Pence landed in Irbil to meet with Nechirvan Barzani, the president of the Kurdistan region in Iraq. He also spoke by phone with Iraqi Prime Minister Adel Abdul Mahdi whose government is facing public unrest fueled by frustrations over corruption. Pence also met with U.S. troops at an air base ahead of next week’s Thanksgiving holiday in the United States.
Pence’s visit comes after Turkey last month launched an offensive into northeastern Syria after Trump’s announced withdrawal. That move prompted Syrian Kurds -- seeking protection from Turkey -- to invite Syrian government and Russian forces into parts of northeastern Syria. More are now deploying along large parts of the border region under a Russian-Turkish deal, including to at least one former U.S. garrison in northern Syria. Trump later agreed to keep about 150 U.S. troops at a base in southern Syria as a check on Iranian influence in the region.
Barzani thanked Pence for U.S. military support in the fight against Islamic State extremists, adding that his “visit at this particular time is an important indication of your continued support to Kurdistan and Iraq.”
Pence said he welcomed the opportunity on behalf of Trump “to reiterate the strong bonds forged in the fires of war between the people of the United States and the Kurdish people across this region.”
In his call with Abdul Mahdi, Pence discussed the unrest and protests over corruption that have rocked the country.
At least 320 protesters have been killed and thousands more have been wounded since the unrest erupted in Iraq -- but mainly in the Shi’ite south -- on October 1 over corruption and a lack of opportunities in the oil-rich Middle East country.
U.S. Ambassador to Iraq Matthew Tueller said Pence expressed support for a free, sovereign, and independent Iraq, a subtle warning against Iranian influence in the country.
Pence also urged the Iraqi government to show restraint with the protesters.
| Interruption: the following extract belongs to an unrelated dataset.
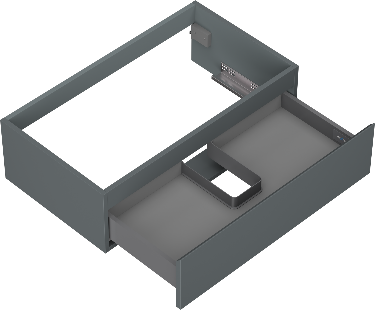 Decupajul în sertar este proiectat în așa fel încât să acomodeze sifonul, care este esențial în instalațiile de lavoare. Datorită acestui fapt, mobila poate fi montată complet funcțională, fără a fi necesară renunțarea la spațiul din sertar în favoarea instalației.

According to one official, Mahdi voiced regret for the violence and suggested it was the result of growing pains for the country’s security services, more used to war than democratic protest.
Pence, accompanied by his wife, Karen, also served a turkey to hundreds of troops in Iraq.
“While you come from the rest of us, you’re the best of us,” Pence told service members at the Al-Asad Air Base northwest of Baghdad.